This is the project from my class to predict whether a review from IMDb is positive or negative using ML logistic regression, and select the best algorithm based on AUC among Ridge, Lasso and Elastic-net.
Dataset Summary
The dataset of 25,000 movies reviews from IMDB, labeled by sentiment (positive/negative). Reviews have been preprocessed, and each review is encoded as a sequence of word indexes (integers). For convenience, words are indexed by overall frequency in the dataset, so that for instance the integer "3" encodes the 3rd most frequent word in the data. This allows for quick filtering operations such as: "only consider the top 10,000 most common words, but eliminate the top 10 most common words". In this project we set number of words to 2500, which means the model has 2500 features.

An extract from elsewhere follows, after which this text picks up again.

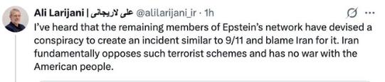 【阿里·拉里贾尼声称美国可能会策划类似9/11的袭击来指责伊朗。】

For example, below is a positive review from dataset (the top 10 most common words are replaced by question mark):
? portrays ? day ? day ? reality ? ? on ? ? ? ? old west outstanding acting by both ? actors ? doesn't even feel like ? movie you feel like you're there animal ? should ? many scenes are obviously not just realistic they are real.
How it works
Logistic Regression is a Machine Learning algorithm which is used for the classification problems, it is a predictive analysis algorithm and based on the concept of probability. We can call a Logistic Regression a Linear Regression model, but the Logistic Regression uses a more complex cost function.
Introduction to Logistic Regression
Three different algorithms in this project have different cost functions. I will use histogram plot that created by Ridge algorithm to illustrate how logistic regression works to do classification job.
The output of the Logistic Regression is between 0 and 1. But as the plot shown above, the values in X axis are not in that range, because Logistic Regression will do one more step which is exponential transformation to transform the value into range 0,1. (Detail formula). The histogram plot divides review into three groups in different colors and is divided by 0. Say the threshold of Logistic Regression is 0.5, but it’s not always is 0.5, it depends on if the dataset is balance or not. If the value of a review is larger than 0, after exponential transformation, the Logistic Regression output will larger than 0.5, we classify this review as positive, on the contrary, if the value of a review is less than 0, the Logistic Regression output will less than 0.5, we classify this review as negative. The histogram around value 0, which also means Logistic Regression output is near 0.5, indicates those review is hard for computer to classify.
Model Selection
We use 10-fold cross-validation to tune the best parameter of each model and select one model with the best performance based on AUC value.
From the ROC curve plots, those three models’ performances are pretty good on predicting test dataset and it’s hard to identify which one is the best model only according to AUC values. We will discuss more criterions when selecting a suitable model for a project in Taiwan Bankruptcy, for example, time consuming, random sampling error.
Top 5 words of reviews
Even thought performances are similar, the importance of words for each model to classify sentiments are slightly different.
Ridge
From positive reviews:
gem noir captures wonderfully refreshing
From negative reviews:
worst unfunny disappointment lousy waste
Lasso
From positive reviews:
7 refreshing wonderfully captures noir
From negative reviews:
worst waste poorly badly lousy
Elastic-net
From positive reviews:
prince refreshing captures wonderfully noir
From negative reviews:
poorly lousy worst disappointment badly
Summary
As for now, we can not decide which algorithm performs better than the other two only considering ROC curve, their AUC values all look very good in training and testing datasets. However, when you consider model complexicy and time consuming of running code, Ridge regression usually takes less time but more complexicy, Lasso regression takes longer and less model complexicy, Elastic-net regression are between these two. In the Taiwan Bankruptcy project, we will go deep into complexicy trade-off and discuss in what kind of situation, time matters more than model complexity or the opposite. But we can know that Logistic Regression model is very suitable here to predict sentiment of movie reviews of IMDb The top 5 words show the importances of features, when model predicts a review, those words will have more contribution to classify positive or negative.